My first month back in the therapy gym was overloaded with referrals from visiting doctors who had heard that the OT would return and cases from B. that he felt were beyond his skill set. So between playing catch-up on patients who are deserving-of-intervention-early-but-were-born-in-Niger and trying to remove the inches-of-dust-that-have-piled-up-because-of-differences-in-the-definition-of-clean and unpacking our finally-have-put-the-suitcases-away life I'm finding a moment to write a blog post.
But, some things never change and I've resigned myself to two facts:
- I love burn patients. More than patients of other diagnostic categories. I'm partial and I've picked favorites. So there.
- My Hausa language capacity is so low that B. still considers my speech to be it's own dialect.
One of the first patients waiting for me when I started back to work was a young mom named H. who had been severely burned by the jealous other-wife. The incident happened over 10 months ago, and H. was sent to Galmi Hospital after spending the first crucial months in a government hospital about an hour away from us. While there she was treated for her open wounds, but no one spoke to her about the severe scars that were already forming.
H. laid in bed for days at a time, trying to stay in a comfortable position.
But as we say in the burn-care-world "the position of comfort is the position of contracture".
That means when burned body tissue begins to heal, the scars that form will do so in a pattern that restricts future function. And before the patient realizes that this is what is happening, it is already too late.
H. can no longer lift her head to a normal position nor turn her neck. She has lost nearly all the mobility of one of her shoulders. The corner of her mouth is being pulled down towards her chin, making it difficult for her to keep her lips closed.
But she is determined!
Despite the pain, H. comes to work with us every day. We've pulled a mask for her and modified some compression garments that she can wear to combat these scars.
But our therapeutic-relationship isn't only one-way. H. gives back as much as she receives.
Recently that has been in the form of translation services.
You see, for the past year while I've been gone, B. has been pulled back into nursing. He's been doing therapy too, but has been juggling several responsibilities at once. And this is still the case. So I've been mostly left to struggle through my communication with patients in my own.
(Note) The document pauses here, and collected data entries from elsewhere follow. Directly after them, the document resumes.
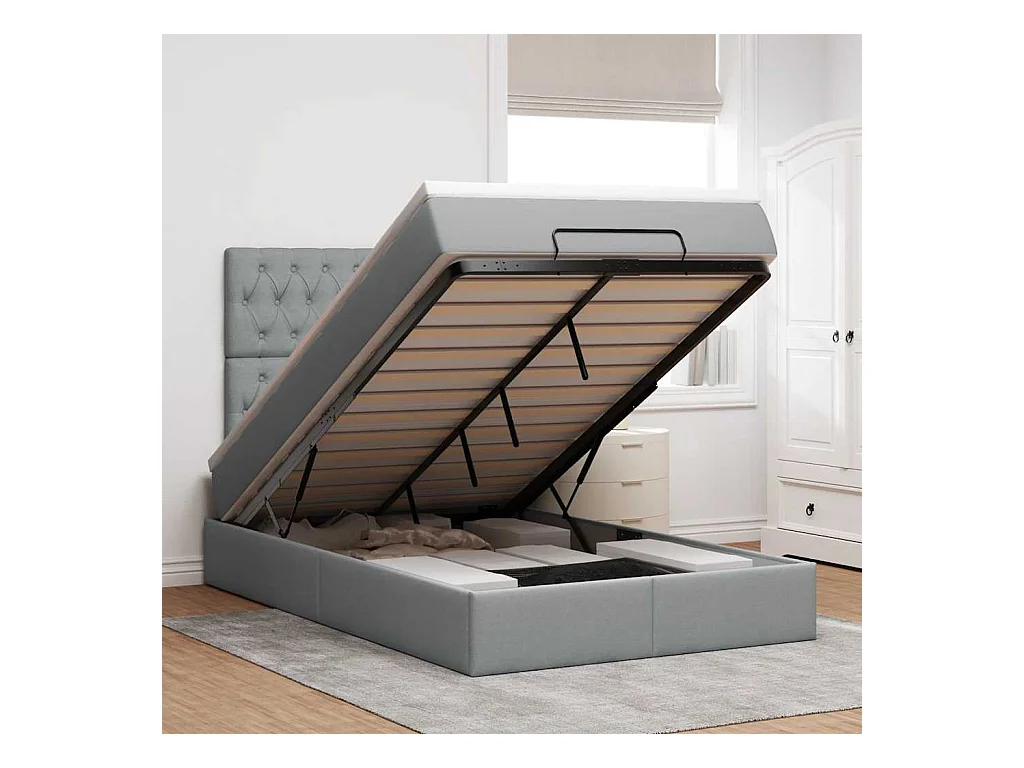 Ottoman bed met matras 120x190 cm stof lichtgrijs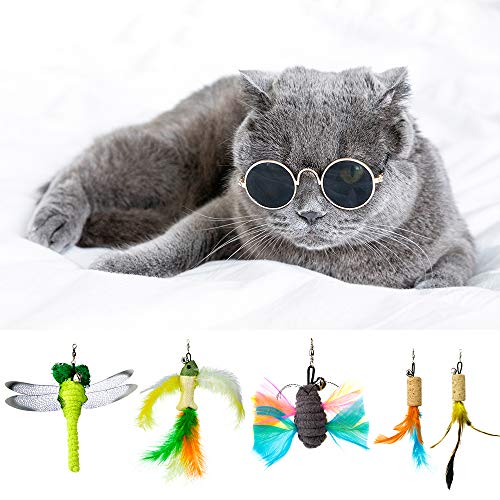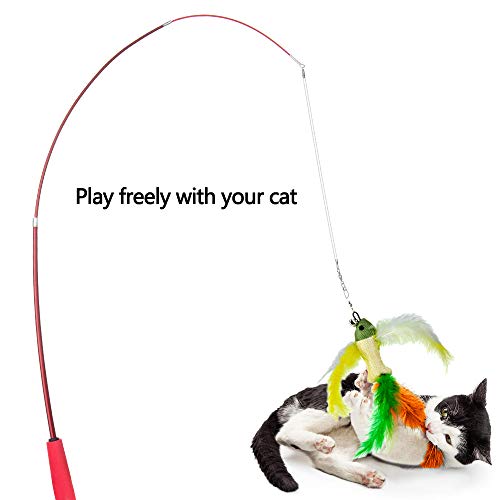 Questi divertenti set di giocattoli interattivi per gatti includono 5 pezzi di ricambio per teaser in piume naturali e bacchetta interattiva per gatti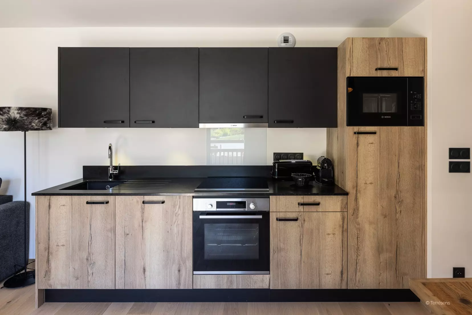 L'équipement comprend une télévision écran plat avec TNT, des plaques vitrocéramiques, un four, un micro-ondes, un réfrigérateur, une cafetière, un grille-pain, une bouilloire et un sèche-serviettes.

Which works about 50% of the time . . . okay, fine, 40% . . . well, maybe 30.
Most of the time when I ask my patient or his family a question, they stare blankly at me. When I change how I'm asking, I'm met again with more blankness. This goes on and on for a few more rounds until I begin miming a few actions I'd like my patient to try to perform and then we get somewhere.
But when H. is around doing her therapy, after about the third attempt, I'll hear a sweet voice from over in the corner and miraculously the patient I had been questioning understands!
H. is fluent in Hausa and Arabic. She claims that she speaks no French or English. Yet, she seems to understand everything that I say.
One day, B. returned to therapy gym as H. was explaining to another patient what I had been trying to say.
"Do you really understand what Deb. says?" he asked her in Hausa.
"Of course." she answered.
B. laughed. "No really, do you understand her or are you telling them what you think she says?"
H. smiled in reply, "I grew up with a sister that had a stutter! I learned to understand some very bad speech!"
As they say, the Lord works in mysterious ways!